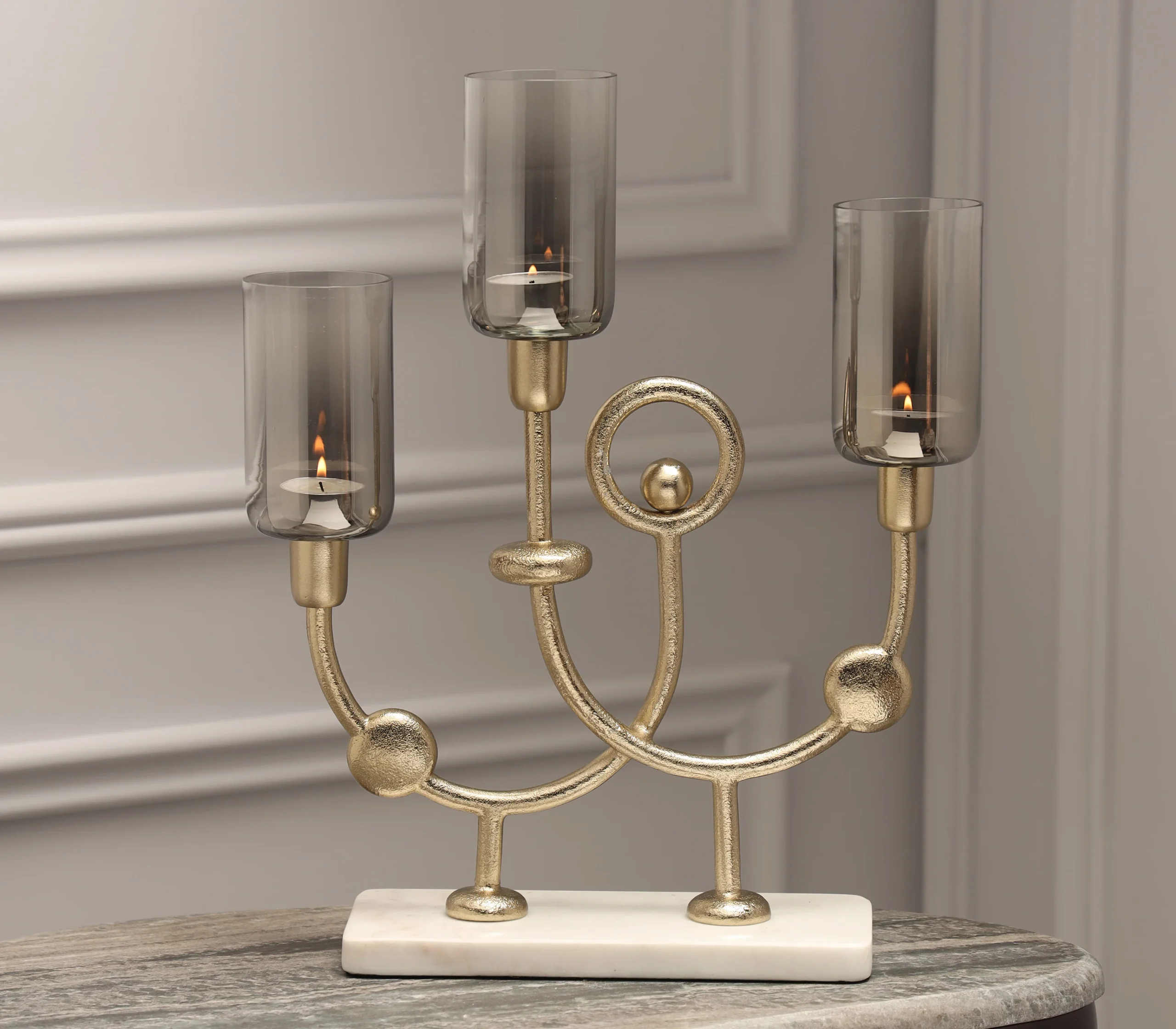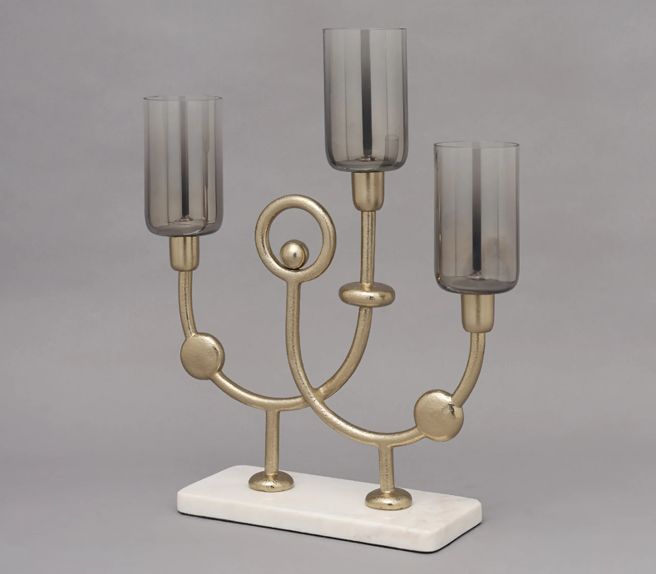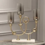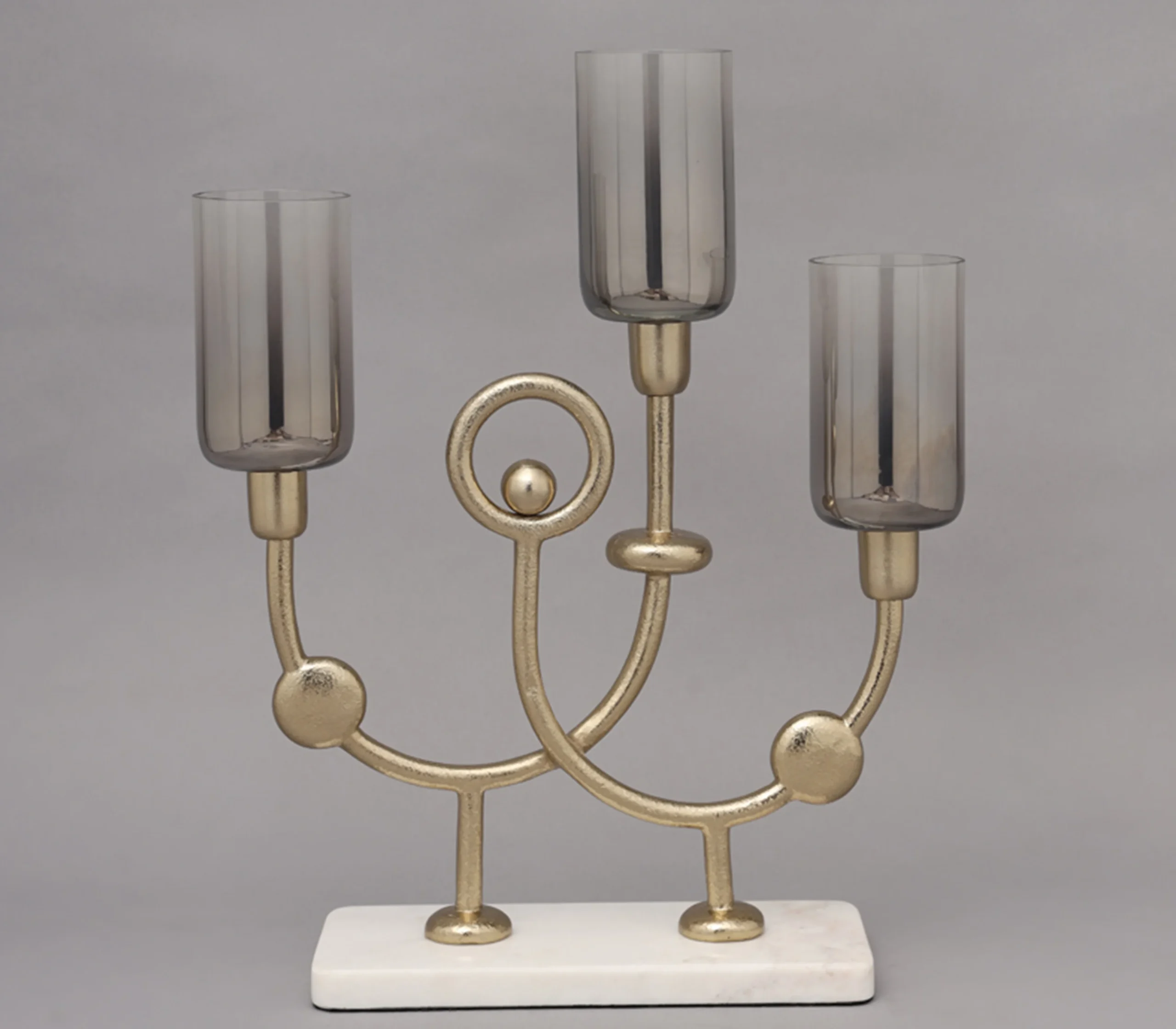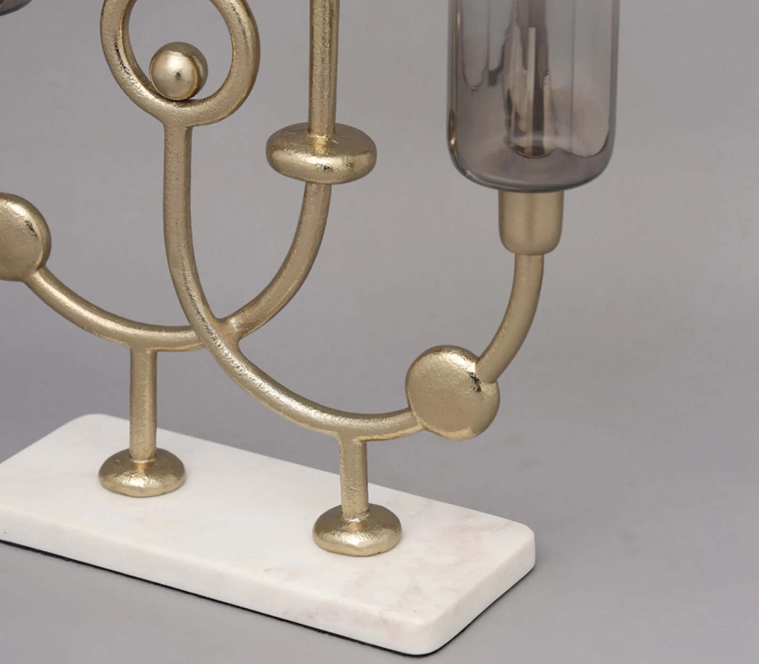 Summon the energies of the cosmos into your home with the celestial multi votive holder. The celestial design of the gold finished virgin aluminum are holding up half black chrome glass  votives with white marble base. This gorgeous stand radiates a divine golden aura onto any candlelit occasion.
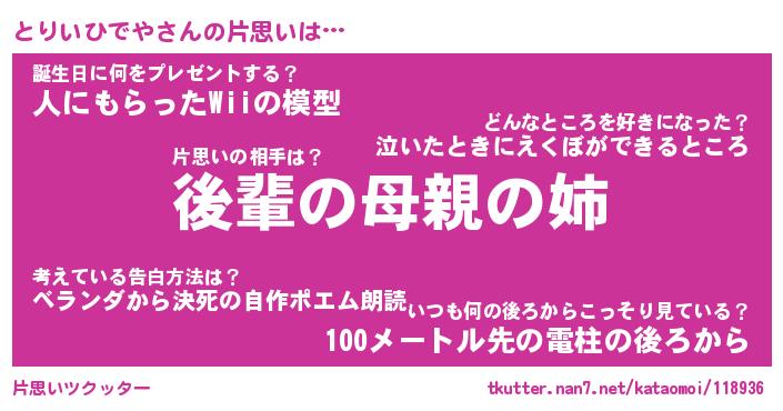 | 女子向けラノベタイトル風あだ名 | 『誰かこのとりいひでやを説明してください! ~契約から始まるウェディング~』 |
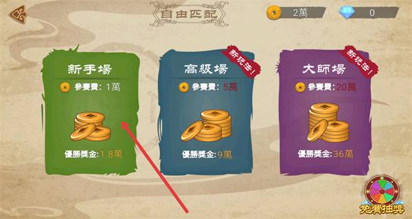 2、選擇自由匹配模式進入場次界面,對比新手高級大師場的參賽費與獎金,根據金幣儲備規劃參賽方向優先嘗試低門檻場次。
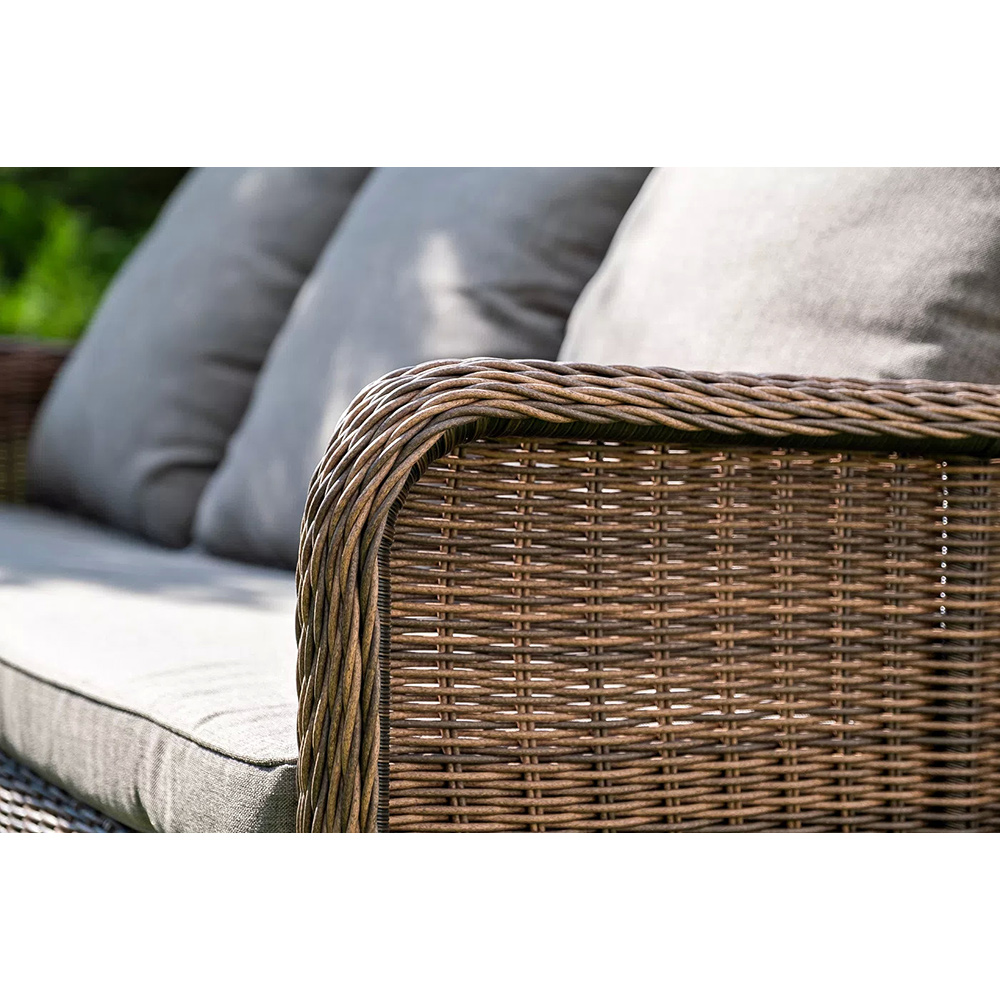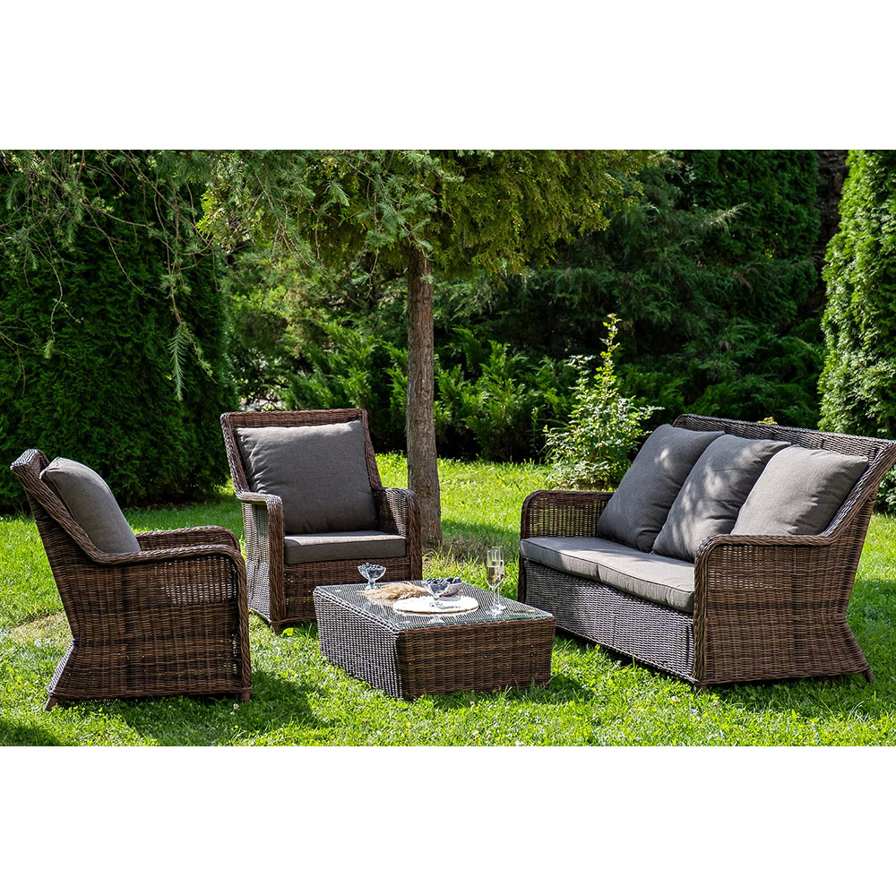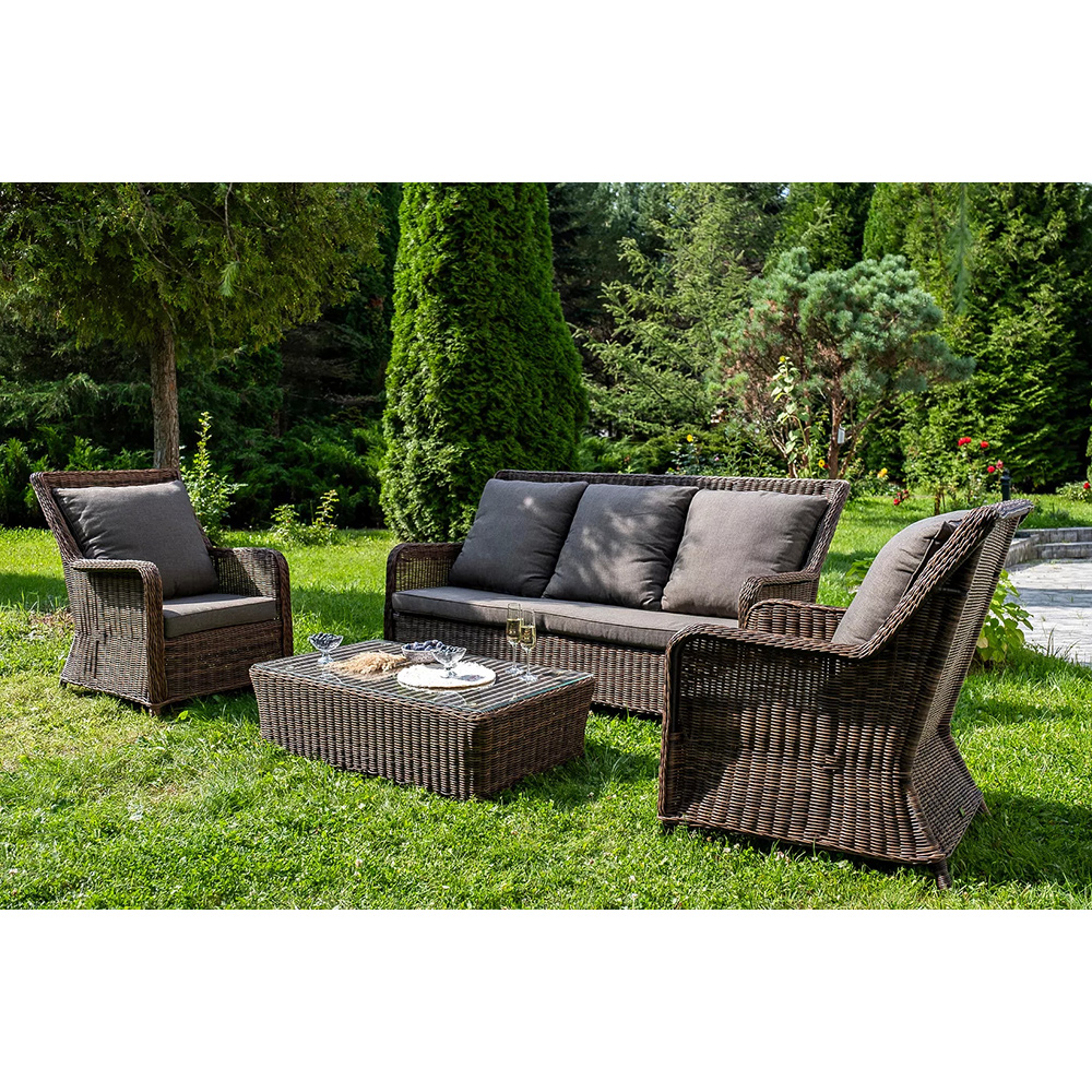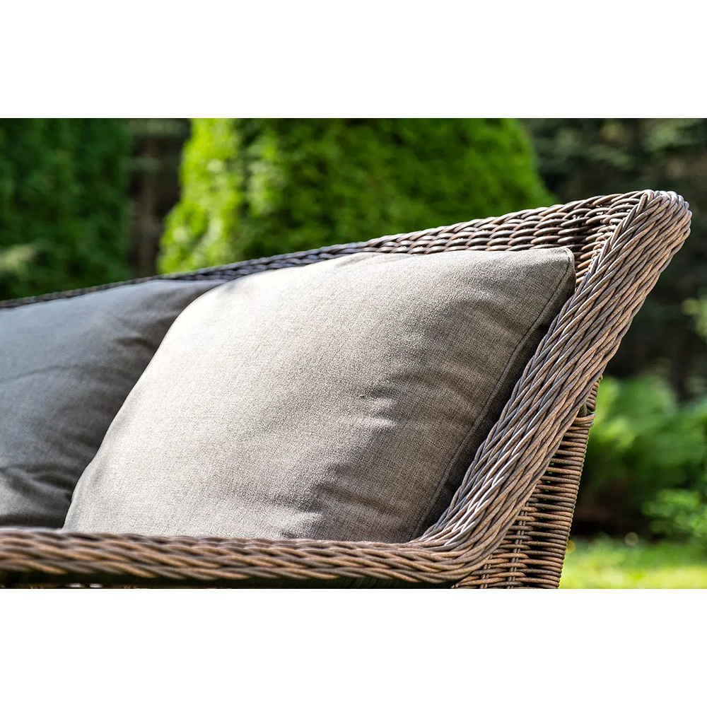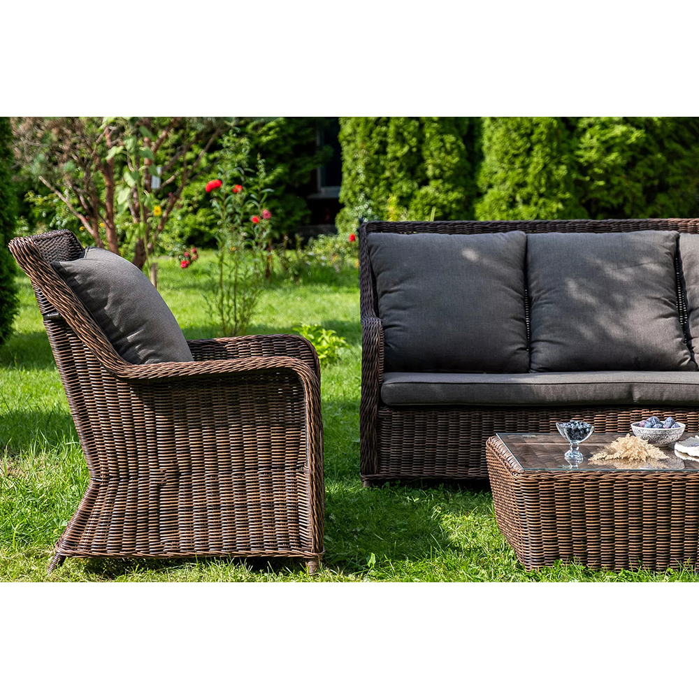 Лаунж зона из искусственного ротанга: 1 двухместный диван, 2 кресла и журнальный столик со стеклянной столешницей.

_ _ _ _ _ _ _

**ACTIVITY**
Make an exact copy of the listing. Do not carry over its pictures.

**WRITTEN RESPONSE**
 Summon the energies of the cosmos into your home with the celestial multi votive holder. The celestial design of the gold finished virgin aluminum are holding up half black chrome glass  votives with white marble base. This gorgeous stand radiates a divine golden aura onto any candlelit occasion.
 | 女子向けラノベタイトル風あだ名 | 『誰かこのとりいひでやを説明してください! ~契約から始まるウェディング~』 |
 2、選擇自由匹配模式進入場次界面,對比新手高級大師場的參賽費與獎金,根據金幣儲備規劃參賽方向優先嘗試低門檻場次。
 Лаунж зона из искусственного ротанга: 1 двухместный диван, 2 кресла и журнальный столик со стеклянной столешницей.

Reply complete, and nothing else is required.